Write out all of the records precisely. Skip anything that is a picture.

Collection entries:
►
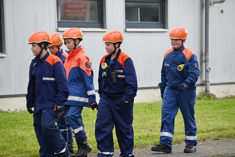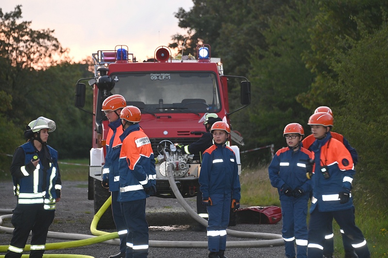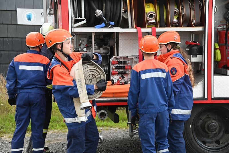 Erst am Abend wurde es im wahrsten Sinne des Wortes wieder „heiß“. Ein Brand in einer Halle im Industriegebiet, bei dem sich zwei Personen in Lebensgefahr befanden, musste bewältigt werden. „In der Feuerwehrsprache heißt das dann 'Feuer-MIG' – also eine Feuermeldung, bei der sich Menschenleben in Gefahr befinden“, erklärt Patrick Wichmann. Im Industriegebiet Lüre gab es dann auch alle Hände voll zu tun, zwei versteckte Puppen warteten in der vernebelten Halle der Fahrschule Schelhorn auf Hilfe. Da war ein schneller Löschangriff nebst Menschenrettung vonnöten, bei der jeder Handgriff sitzen musste. Weiter ging es erst nach dem abendlichen Grillen um 21:30 Uhr mit einer Feuermeldung auf dem Flugplatz Höxter-Holzminden, wo ein Haufen Paletten in Flammen stand. Schon von weitem waren die Flammen und der Rauch zu sehen. „Geil, ein echter Brand“, meinte die 16-jährige Jugendfeuerwehrfrau Sophie. Wieder hieß es, einen Löschangriff von allen Seiten aufzubauen, um das Feuer zu bekämpfen. Nachdem auch dieser Einsatz bewältigt und die Feuerwehrgeräte wieder einsatzbereit verstaut waren, hieß es erneut „Ruhezeit ist angesagt“. Damit war um 02:00 Uhr morgens jedoch Schluss: Großalarm mit dem hausinternem Gong! Bei dem Alarm handelte es sich um eine Personensuche auf einer Wiese nahe dem Freizeitsee, wo sporadisch Hilfeschreie vernommen wurden. Nicht jedes Jugendfeuerwehrmitglied wurde gleich sofort bei dem Alarm wach. Doch die Müdigkeit besiegten sie schnell und der Einsatz konnte starten. Mit Taschenlampen bewaffnet suchten die Jugendfeuerwehrleute in einer Reihe das Gebiet ab und fanden auf dem Spielplatz die hilfsbedürftige Person, womit sie ihr das Leben retteten. Mit einem Fehlalarm um 07:00 Uhr Morgens endete die Schicht des Berufsfeuerwehrtages. Nach einem gemeinsamen Aufräumen und einer anschließenden Fahrzeug- und Gerätepflege war um 10 Uhr Schichtende. Für den 13-jährigen Benedikt aus Höxter war es der erste Jugendfeuerwehrdienst und davon war er so begeistert, dass er ab sofort „Feuer und Flamme“ für die Feuerwehrarbeit ist. „Gerne sind neue Mitglieder bei uns willkommen! Feuerwehr macht viel Spaß und ist garantiert nicht 'cringe'“, betont Jugendwart Patrick Wichmann.
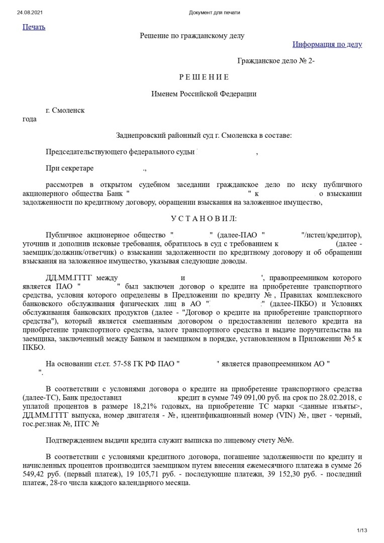 Для большей лаконичности представлю только первую страницу и резолютивную часть заочного решения:
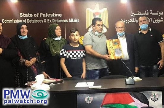 The image shows Director of PLO Commission of Prisoners’ Affairs Qadri Abu Bakr holding an honorary plaque featuring the PA map of “Palestine” that presents all of Israel (together with the PA areas) as “Palestine”.
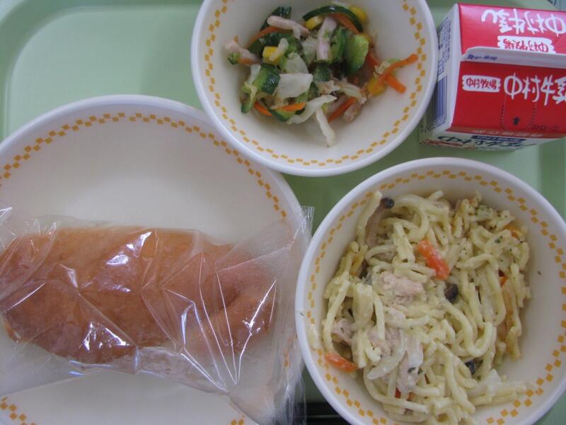 【米粉パン きのこのクリームスパゲッティ りっちゃんサラダ 牛乳】
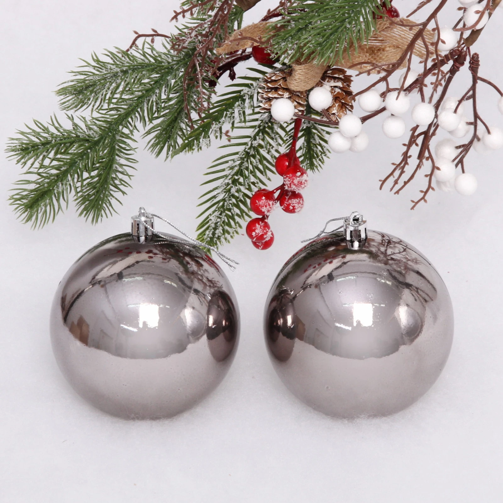Новогодние шары 10 см (набор 2 шт) "Глянец", графит
◄
- **Reply**
 Erst am Abend wurde es im wahrsten Sinne des Wortes wieder „heiß“. Ein Brand in einer Halle im Industriegebiet, bei dem sich zwei Personen in Lebensgefahr befanden, musste bewältigt werden. „In der Feuerwehrsprache heißt das dann 'Feuer-MIG' – also eine Feuermeldung, bei der sich Menschenleben in Gefahr befinden“, erklärt Patrick Wichmann. Im Industriegebiet Lüre gab es dann auch alle Hände voll zu tun, zwei versteckte Puppen warteten in der vernebelten Halle der Fahrschule Schelhorn auf Hilfe. Da war ein schneller Löschangriff nebst Menschenrettung vonnöten, bei der jeder Handgriff sitzen musste. Weiter ging es erst nach dem abendlichen Grillen um 21:30 Uhr mit einer Feuermeldung auf dem Flugplatz Höxter-Holzminden, wo ein Haufen Paletten in Flammen stand. Schon von weitem waren die Flammen und der Rauch zu sehen. „Geil, ein echter Brand“, meinte die 16-jährige Jugendfeuerwehrfrau Sophie. Wieder hieß es, einen Löschangriff von allen Seiten aufzubauen, um das Feuer zu bekämpfen. Nachdem auch dieser Einsatz bewältigt und die Feuerwehrgeräte wieder einsatzbereit verstaut waren, hieß es erneut „Ruhezeit ist angesagt“. Damit war um 02:00 Uhr morgens jedoch Schluss: Großalarm mit dem hausinternem Gong! Bei dem Alarm handelte es sich um eine Personensuche auf einer Wiese nahe dem Freizeitsee, wo sporadisch Hilfeschreie vernommen wurden. Nicht jedes Jugendfeuerwehrmitglied wurde gleich sofort bei dem Alarm wach. Doch die Müdigkeit besiegten sie schnell und der Einsatz konnte starten. Mit Taschenlampen bewaffnet suchten die Jugendfeuerwehrleute in einer Reihe das Gebiet ab und fanden auf dem Spielplatz die hilfsbedürftige Person, womit sie ihr das Leben retteten. Mit einem Fehlalarm um 07:00 Uhr Morgens endete die Schicht des Berufsfeuerwehrtages. Nach einem gemeinsamen Aufräumen und einer anschließenden Fahrzeug- und Gerätepflege war um 10 Uhr Schichtende. Für den 13-jährigen Benedikt aus Höxter war es der erste Jugendfeuerwehrdienst und davon war er so begeistert, dass er ab sofort „Feuer und Flamme“ für die Feuerwehrarbeit ist. „Gerne sind neue Mitglieder bei uns willkommen! Feuerwehr macht viel Spaß und ist garantiert nicht 'cringe'“, betont Jugendwart Patrick Wichmann.
 Для большей лаконичности представлю только первую страницу и резолютивную часть заочного решения:
 The image shows Director of PLO Commission of Prisoners’ Affairs Qadri Abu Bakr holding an honorary plaque featuring the PA map of “Palestine” that presents all of Israel (together with the PA areas) as “Palestine”.
 【米粉パン きのこのクリームスパゲッティ りっちゃんサラダ 牛乳】
Новогодние шары 10 см (набор 2 шт) "Глянец", графит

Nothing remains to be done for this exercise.